Updated on 22 August 2007

The US president warns that early US withdrawl from Iraq could lead to the sort of chaos that followed the Vietnam war.

"At their core they are all ideological struggles." So said President Bush today, comparing the war in Iraq to Vietnam as he warned that any early withdrawal from the country would lead to the sort of chaos he said claimed "millions of innocent citizens" after the US left Vietnam three decades ago.

The speech, to thousands of US war vets in Missouri, is the latest in an aggressive campaign by the US administration to convince the American public to stay the course in Iraq. It comes ahead of a crucial progress report on the surge in Baghdad, due in less than three weeks.

But by envoking the spectre of Vietnam, seen by most as a defeat for the United States, the president has started a painful debate.

A room full of militray veterans gave President Bush a rare sympathetic audience as he tried out a new justification for staying the course in Iraq.

But to many, Vietnam means quagmire and defeat, so Bush has always before rejected comparsion with a war pursued in the face of public opposition until the US was forced to leave.

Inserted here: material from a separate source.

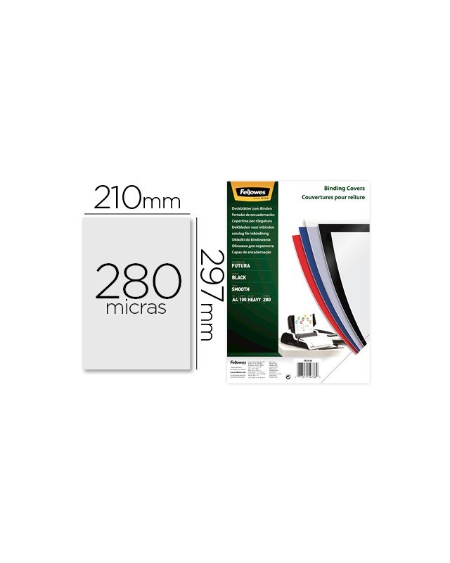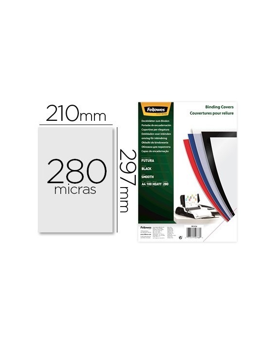 Tapa de encuadernacion fellowes din a4 polipropileno negro 280 micras pack de 100 unidades
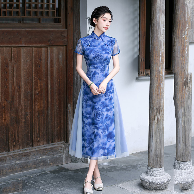 Cheongsam Cina baru 2024 gadis ditingkatkan musim panas rasa tinggi gaun elegan panjang muda elegan

It was a mistake that must not be repeated today, he says

One legacy of Vietnam is that the price of America's withdrawal was paid by millions of innocent citizens, whose agonies would add to our vocabulary new terms like "boat people" and "killing fields".


To many, Vietnam means quagmire and defeat, so Bush has always before rejected comparsion with that war.

Previous conflicts had been just as unpopular, the president said, but in South Korea and Japan US military intervention DID produce stable, friendly democracies, where critics had said it could not be done.

Tomorrow a $15m TV campaign will try to persude the American people to support the troops and their president, and that it is not the time to quit.

It is all part of major fightback from the White House. Another speech next week will say it is vital for the whole of the Middle East that US troops stay in Iraq.

The president has three weeks to make the case before General Petraeus comes to Washington to report to Congress on progress in Iraq - and it won't all be good news

Iraqi premier Nouri al-Maliki knows he will get a lot of the blame for lack of political progess. He was furious that President Bush seemed to suggest yesterday that he'd lost American support. He won't be much cheered by being called a good guy today.